Data hound: Analysing non-English data smells in large code datasets
B.M. Buzatu (TU Delft - Electrical Engineering, Mathematics and Computer Science)
A Van Deursen – Graduation committee member (TU Delft - Software Engineering)
Maliheh Izadi – Graduation committee member (TU Delft - Software Engineering)
J. Katzy – Mentor (TU Delft - Software Engineering)
R.M. Popescu – Mentor (TU Delft - Software Engineering)
A. Anand – Graduation committee member (TU Delft - Web Information Systems)
More Info
expand_more
Other than for strictly personal use, it is not permitted to download, forward or distribute the text or part of it, without the consent of the author(s) and/or copyright holder(s), unless the work is under an open content license such as Creative Commons.
Abstract
Large Language Models (LLMs) are increasingly used for code-centric tasks. However, their training data often exhibits data smells that may hinder downstream quality. This research focuses on the “Uneven Natural Languages” smell and the presence of non-English text in source code and investigates its effect on LLM-based code generation and summarisation. We construct a three-stage (Detection, Generation, Evaluation) pipeline that annotates every character in a file with its predicted language using Tree-sitter, FastText, and pycld2; masks target spans via causal masking and Fill-in-the-Middle (FIM) and prompts using three chosen models (SmolLM2, StarCoder 2, and Mellum-4B). The Heap dataset is used for the pipeline; however, this research only focuses on the Java subset of the Heap.

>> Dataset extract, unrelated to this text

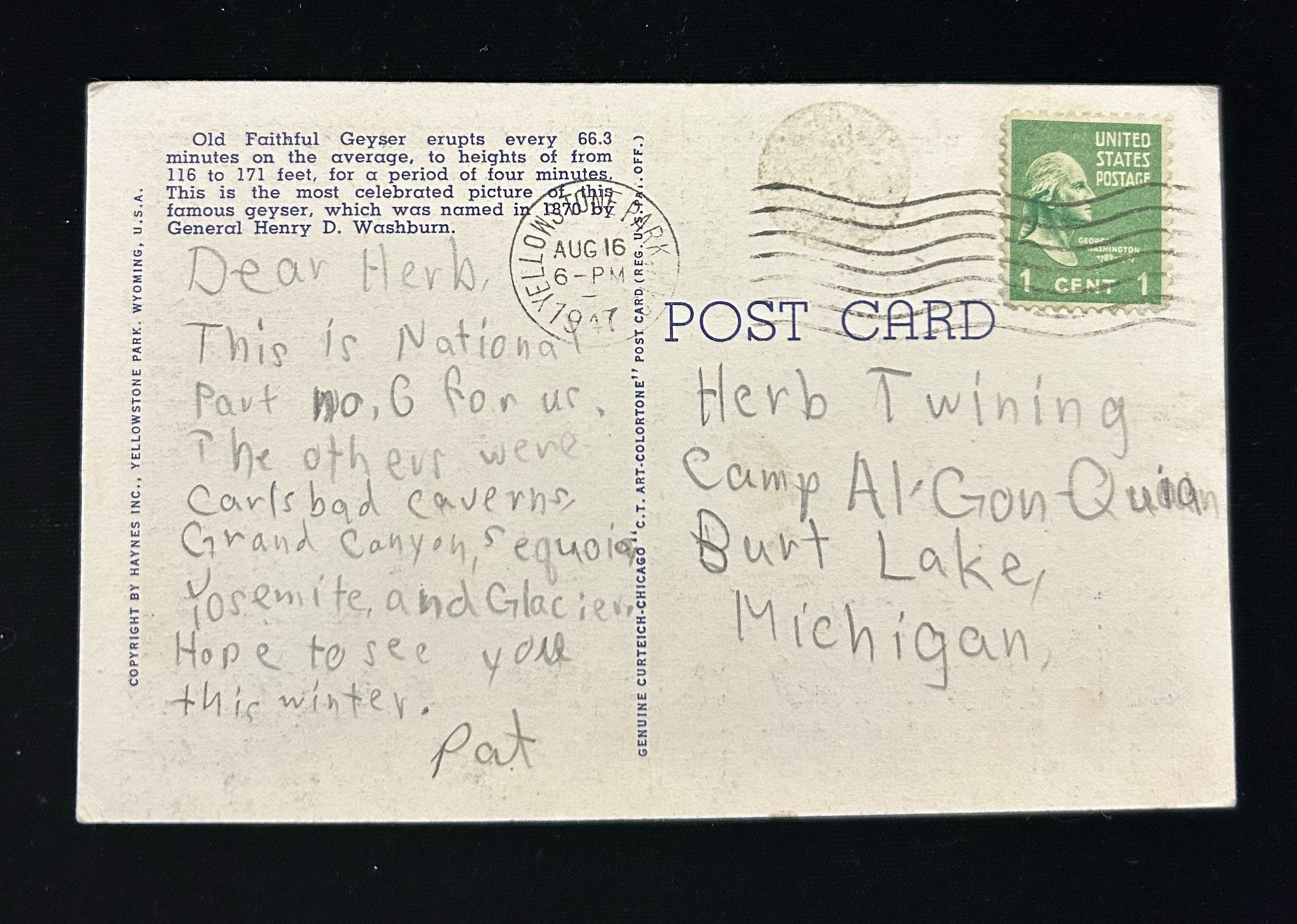 Back: "Old Faithful Geyser erupts every 66.3 minutes on the average, to heights of from 116 to 171 feet, for a period of four minutes. This is the most celebrated picture of this famous geyser, which was named in 1870 by General Henry D. Washburn."

In 3.35 million Java files, we find that English tokens account for more than 90\% of comments, strings, and identifiers, while Chinese, Spanish, Portuguese, and French form a long-tailed minority. Despite this skew, LLMs achieve marginally higher BLEU, METEOR, ROUGE, and Exact Match scores when non-English elements are present or masked. Mellum consistently yields the most fluent continuations; StarCoder 2 retains broader token recall; SmolLM2 lags on both axes, reflecting its smaller capacity.
Our publicly available code enables reproducible assessment of multilingual data smells and lays the groundwork for cleaner, language-aware pre-training corpora and more robust multilingual code assistants.